Подобные мысли возникают обычно у тех, кто в первый раз входит в эту комнату, но тем, кто явился сюда в эту новогоднюю ночь, не до шуток. Это двое мужчин, опустившихся и оборванных. Их можно было бы принять за обыкновенных бродяг, если бы на одном из них поверх лохмотьев не был бы надет черный плащ, а в руках он не держал бы заржавленную косу. На одежду бродяги это мало похоже. Еще более странно то, как он появился в комнате. Он не повернул ключ в замке, не приотворил дверь даже хотя бы чуть-чуть, а просто прошел сквозь нее, хотя она и была заперта. На втором нет столь пугающего наряда, но он внушает еще больший страх, потому что не входит в комнату сам, его тащит приятель. И хотя его с величайшим презрением собственный товарищ швырнул на пол, руки и ноги у него связаны и сам он лежит на полу, как темная куча жалкого тряпья, его искаженное гневом лицо и мечущие молнии глаза наводят страх.

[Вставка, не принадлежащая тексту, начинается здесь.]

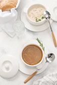 Dwa rodzaje Zupa krem z ziół na białym tle
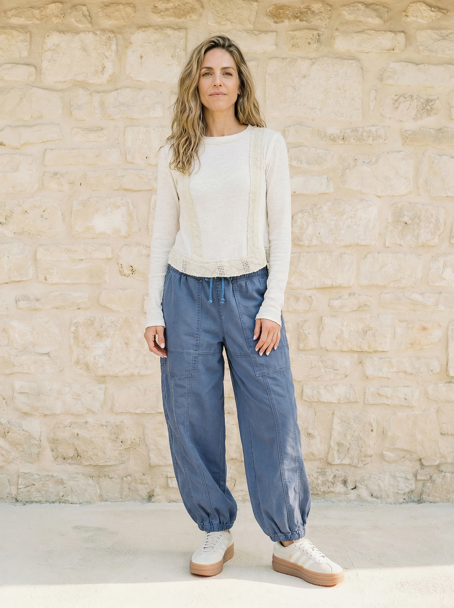 Easy, relaxed, and made for everyday comfort — the Sunday Cargo Pants bring together soft washed twill and a laid-back utility feel. Designed with a baggy fit, tapered legs, and bold patch pockets, they strike the perfect balance between effortless and put-together. Contrast stitching adds subtle shape, while the elastic drawstring waistband keeps them comfy from morning errands to slow weekend lounging. These are the kind of pants you’ll want to live in.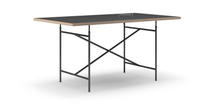 Table Eiermann, Linoleum noir (Forbo 4023) avec bords en chêne, 160 x 90 cm, Noir, Vertical, centré (Eiermann 2), 100 x 66 cm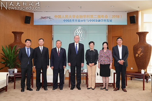 科研处处长严金明,财政金融学院院长庄毓敏、副院长赵锡军,重阳金融研究院执行院长王文参加会见。
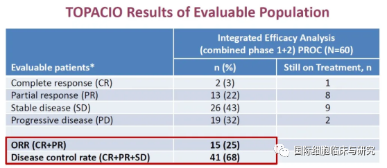 在60例可评估的患者中,客观缓解率(ORR)为25%,其中包括2例完全缓解(CR)的患者;疾病控制率(DCR)为68%;疗效持续时间的数据尚未成熟。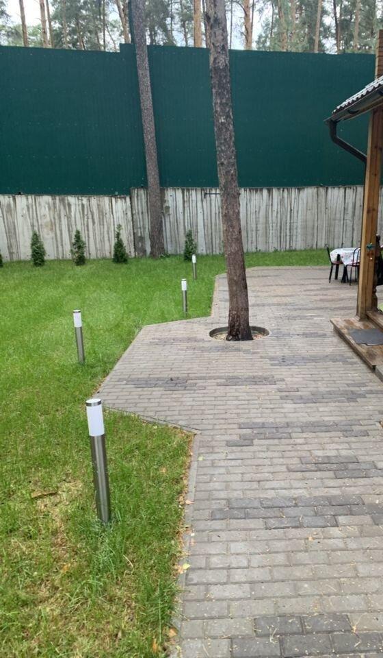 По территории участка брусчатка, после уличных столбиков освещения идёт зелёный газон, вдоль забора туи.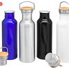 Ø 7,3 x 24 cm. Capacidad 750 ml. Aluminio. Tapa de acero con manija metálica rebatible y detalles en bambú. Anillo de silicona antiderrame. Presentación en caja de regalo Kraft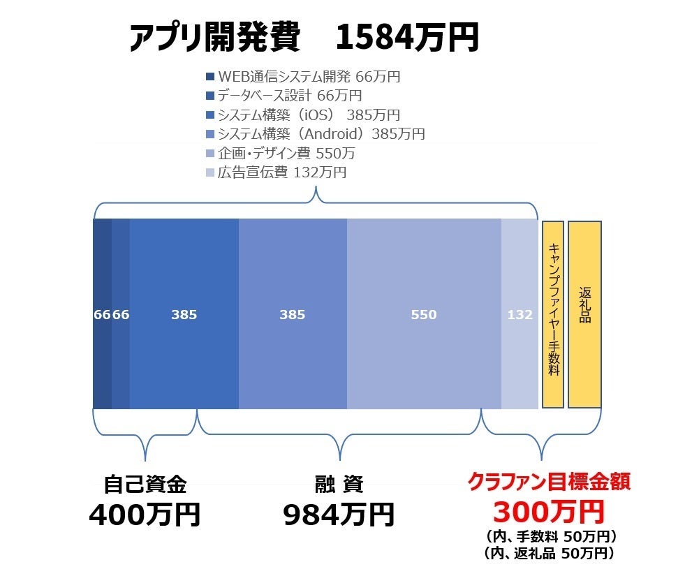 アプリ開発費+キャンプファイヤーシステム利用料17%+返礼品で、総額1千5百万円を超えるプロジェクトとなります。これまで400万円以上の自己資金を投じ、完成まであと一歩というところまできました。ただ、ゲーム的要素を搭載するには、追加の開発資金が必要です。本プロジェクトを通じて、日常的に楽しめるゲームアプリを作る手助けをしていただけませんか?
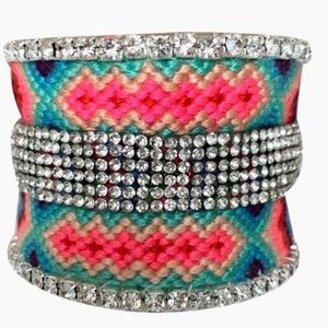 A colorful friendship bracelet sparkles with rows of rhinestones for luxe boho style.
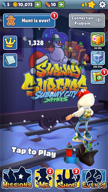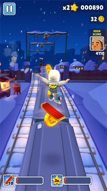 圣诞到,鹿少爷跑,铃儿响叮当~地铁跑酷subwaysurf国际服圣诞节版来了,为了欢聚圣诞节,整个游戏都充满了圣诞节的气息,就连追赶跑酷者的凶保安都换上了圣诞老人的衣服,杰克的也打扮成了精灵的模样,还多了一张新滑板-高音号,并且游戏的精灵系列又添3位新跑酷者,玩家可以和精灵琪琪齐聚双旦!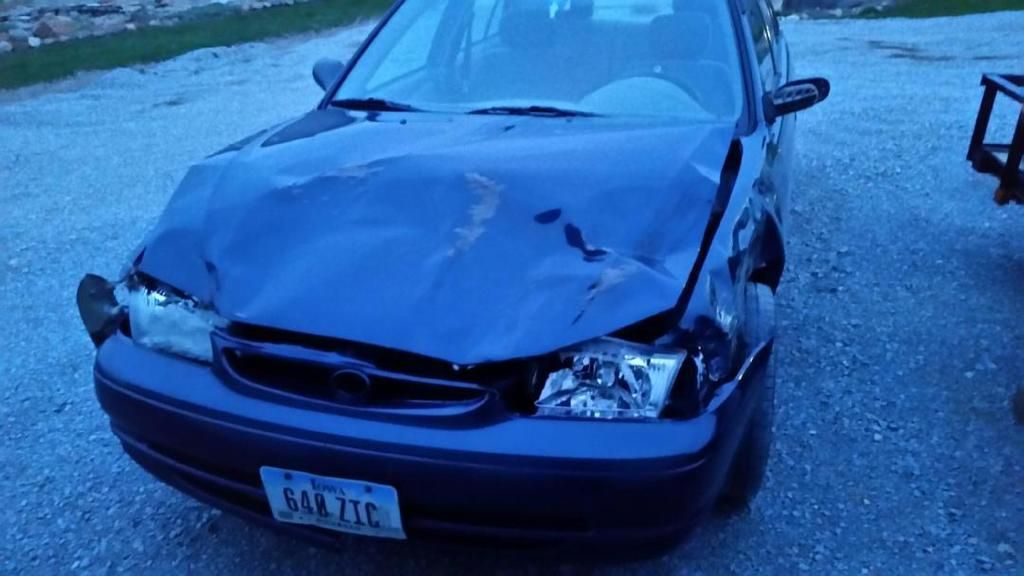 Member Geerig is the mad max, road rage, deer slayer of the midwest. He and his work beater Toyota corolla that is. On his way to work this a.m. he texted me pic of car he drove back home, and said he hit a deer broadside that jumped out of the ditch. Later in the day he sent me a text that his wife went to scope out the area, and there were 2 dead deer, 1 on each side of road and it helped explain why left side of his car got so mangeled.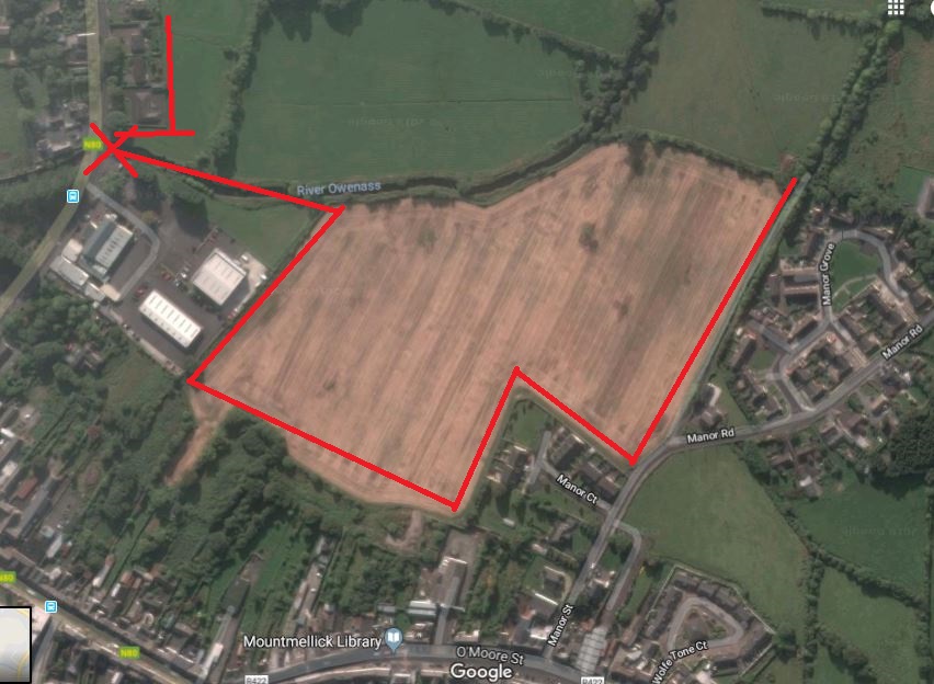 The red X is where the defence wall is planned to begin at the bridge over the Owenass River at the N80 in Irishtown.
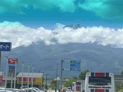 いい天気です。恩賜林庭園へバスに約20分くらい乗って向かいます。途中、富士山と河口湖が見えました。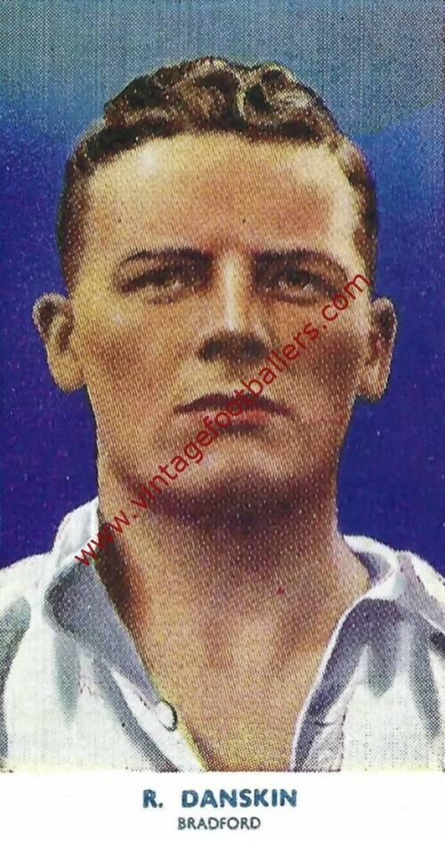 Scotswood, Newcastle born centre half Bob Danskin played local football in the North East with Scotswood in 1926, Throckley Welfare in 1927 and Wallsend United in 1928 before joining First Division Leeds United in May 1929, making his Football League debut exactly two years later against Derby County as Leeds were relegated in 1931. He played another 5 games the following season for the Elland Road club, scoring against Swansea Town in January 1932, before joining Bradford Park Avenue in December 1932. His association with Park Avenue lasted both sides of the Second World War, always in the Second Division, becoming club captain, and by the time he played his last match against Millwall in September 1947 already aged 39 he had scored 6 goals in 282 appearances for them.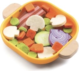 Le set pour enfants Djeco Cook & Scratch est conçu pour encourager le jeu culinaire et le développement des compétences en cuisine chez les plus petits. Le set comprend une poêle en bois avec une surface intérieure munie de velcro, ce qui permet de fixer les aliments en bois fournis. Les enfants apprennent ainsi les bases de la cuisine et peuvent imiter les adultes en train de cuisiner.

В комнате эти двое не одни. Они видят, что за круглым столом в середине комнаты сидят молодой человек с мягкими чертами лица и по-детски добрым взглядом и женщина, немного постарше, но маленькая и тщедушная. На мужчине красная трикотажная блуза, на которой крупными буквами вышито: «Армия спасения». На черном платье женщины надписи нет, но на столе перед ней лежит шапочка, указывающая на ее принадлежность к этой организации.
Оба они глубоко опечалены. Женщина молча плачет, то и дело вытирая глаза мокрым смятым платком, нетерпеливо и нервно. Можно подумать, что слезы мешают ей делать что-то важное. Глаза мужчины тоже красны от слез, но он не дает волю своему горю в присутствии женщины.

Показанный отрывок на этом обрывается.